(Exercise data)

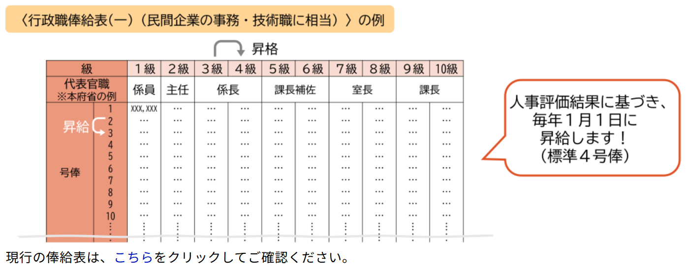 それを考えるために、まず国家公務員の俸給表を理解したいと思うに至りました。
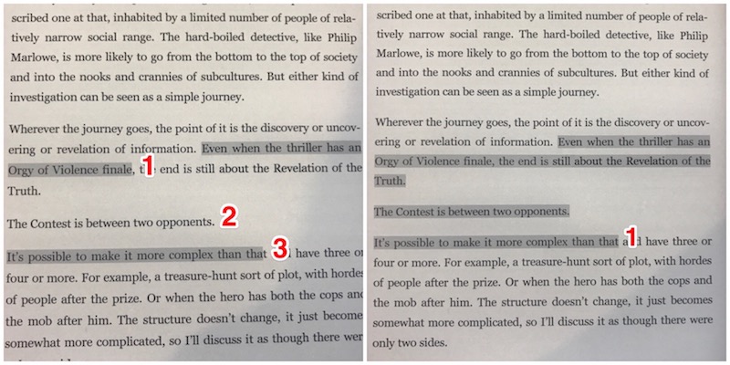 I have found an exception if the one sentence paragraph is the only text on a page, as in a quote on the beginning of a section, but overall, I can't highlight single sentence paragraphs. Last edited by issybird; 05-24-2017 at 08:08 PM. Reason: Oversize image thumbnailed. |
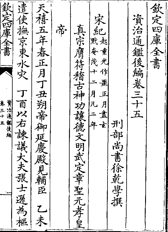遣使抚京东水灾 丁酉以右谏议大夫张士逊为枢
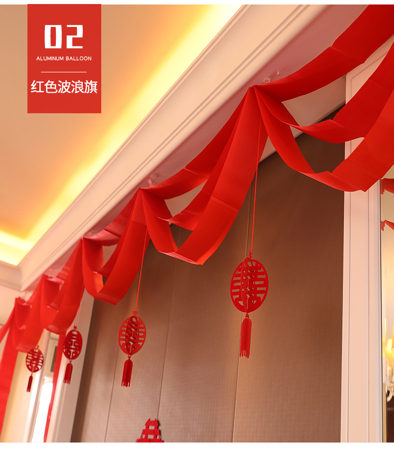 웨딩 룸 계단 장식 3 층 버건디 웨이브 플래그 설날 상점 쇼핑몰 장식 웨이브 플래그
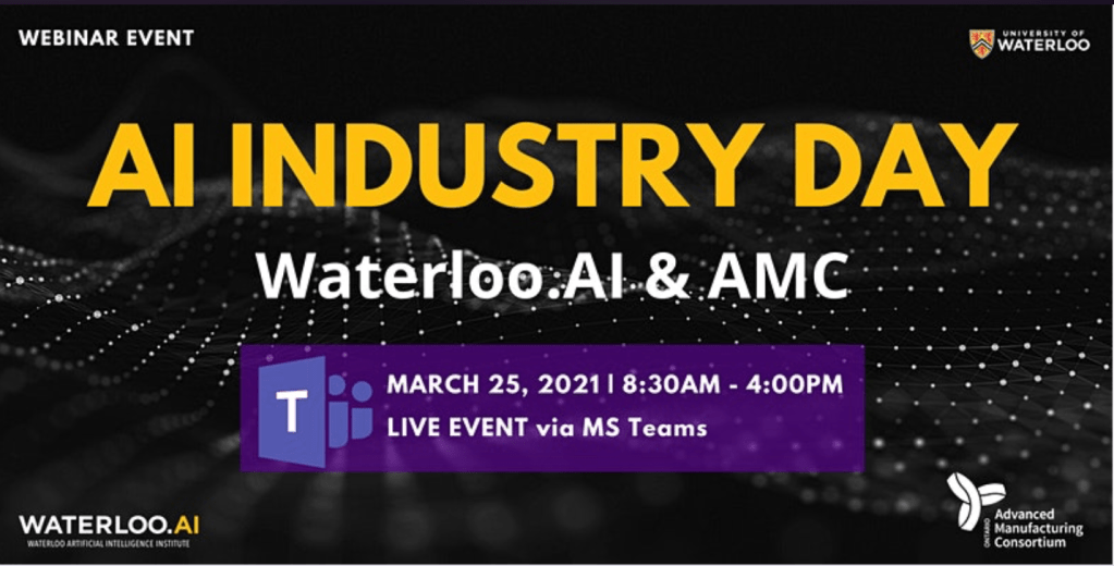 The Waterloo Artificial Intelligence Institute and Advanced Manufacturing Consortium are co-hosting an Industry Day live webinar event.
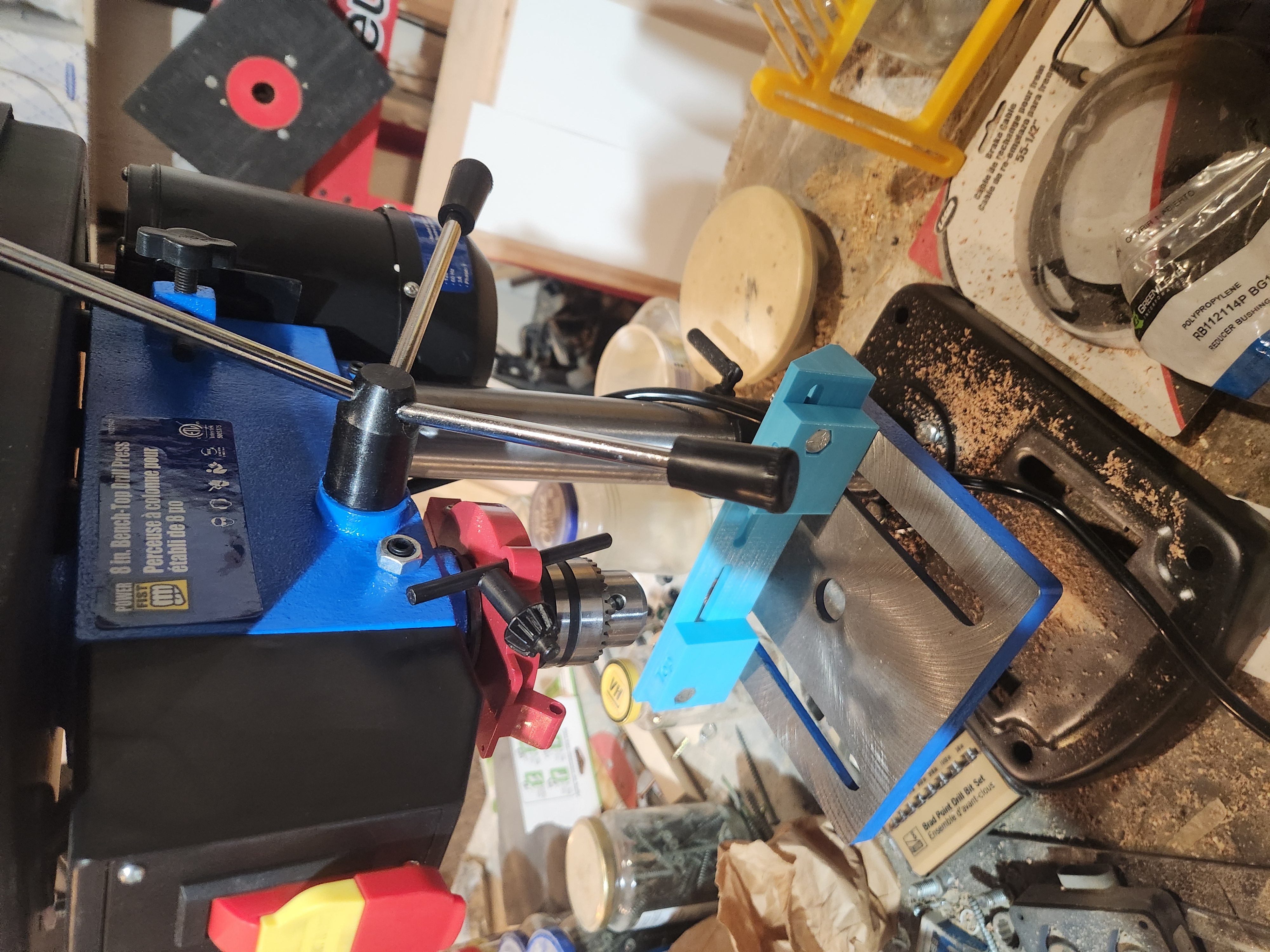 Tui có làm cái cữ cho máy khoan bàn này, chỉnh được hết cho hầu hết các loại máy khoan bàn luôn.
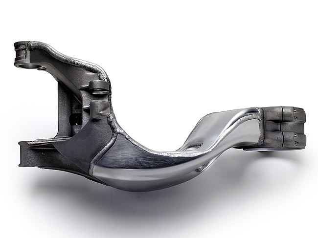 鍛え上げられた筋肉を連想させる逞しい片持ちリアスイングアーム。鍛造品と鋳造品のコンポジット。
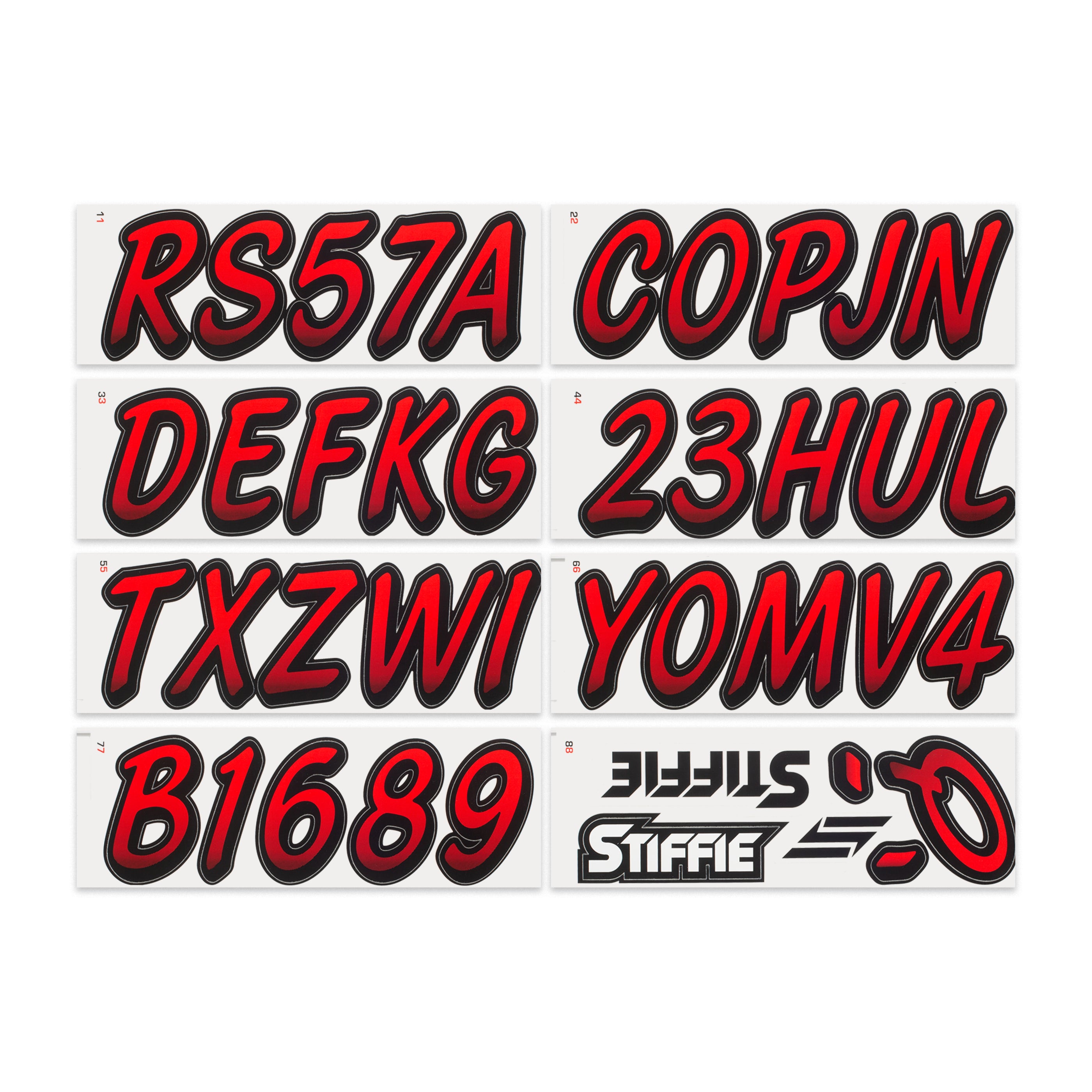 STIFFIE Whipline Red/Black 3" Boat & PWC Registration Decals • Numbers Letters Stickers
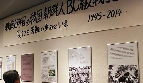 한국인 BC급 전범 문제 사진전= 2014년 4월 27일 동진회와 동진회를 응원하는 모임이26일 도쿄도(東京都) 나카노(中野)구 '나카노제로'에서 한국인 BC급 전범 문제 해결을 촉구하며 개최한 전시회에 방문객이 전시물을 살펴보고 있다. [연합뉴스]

(End Exercise data)

● **Exercise**
Repeat the records in full, precisely, and keep the pictures out.

● **Response to the exercise**
 それを考えるために、まず国家公務員の俸給表を理解したいと思うに至りました。
 I have found an exception if the one sentence paragraph is the only text on a page, as in a quote on the beginning of a section, but overall, I can't highlight single sentence paragraphs. Last edited by issybird; 05-24-2017 at 08:08 PM. Reason: Oversize image thumbnailed. |
遣使抚京东水灾 丁酉以右谏议大夫张士逊为枢
 웨딩 룸 계단 장식 3 층 버건디 웨이브 플래그 설날 상점 쇼핑몰 장식 웨이브 플래그
 The Waterloo Artificial Intelligence Institute and Advanced Manufacturing Consortium are co-hosting an Industry Day live webinar event.
 Tui có làm cái cữ cho máy khoan bàn này, chỉnh được hết cho hầu hết các loại máy khoan bàn luôn.
 鍛え上げられた筋肉を連想させる逞しい片持ちリアスイングアーム。鍛造品と鋳造品のコンポジット。
 STIFFIE Whipline Red/Black 3" Boat & PWC Registration Decals • Numbers Letters Stickers
 한국인 BC급 전범 문제 사진전= 2014년 4월 27일 동진회와 동진회를 응원하는 모임이26일 도쿄도(東京都) 나카노(中野)구 '나카노제로'에서 한국인 BC급 전범 문제 해결을 촉구하며 개최한 전시회에 방문객이 전시물을 살펴보고 있다. [연합뉴스]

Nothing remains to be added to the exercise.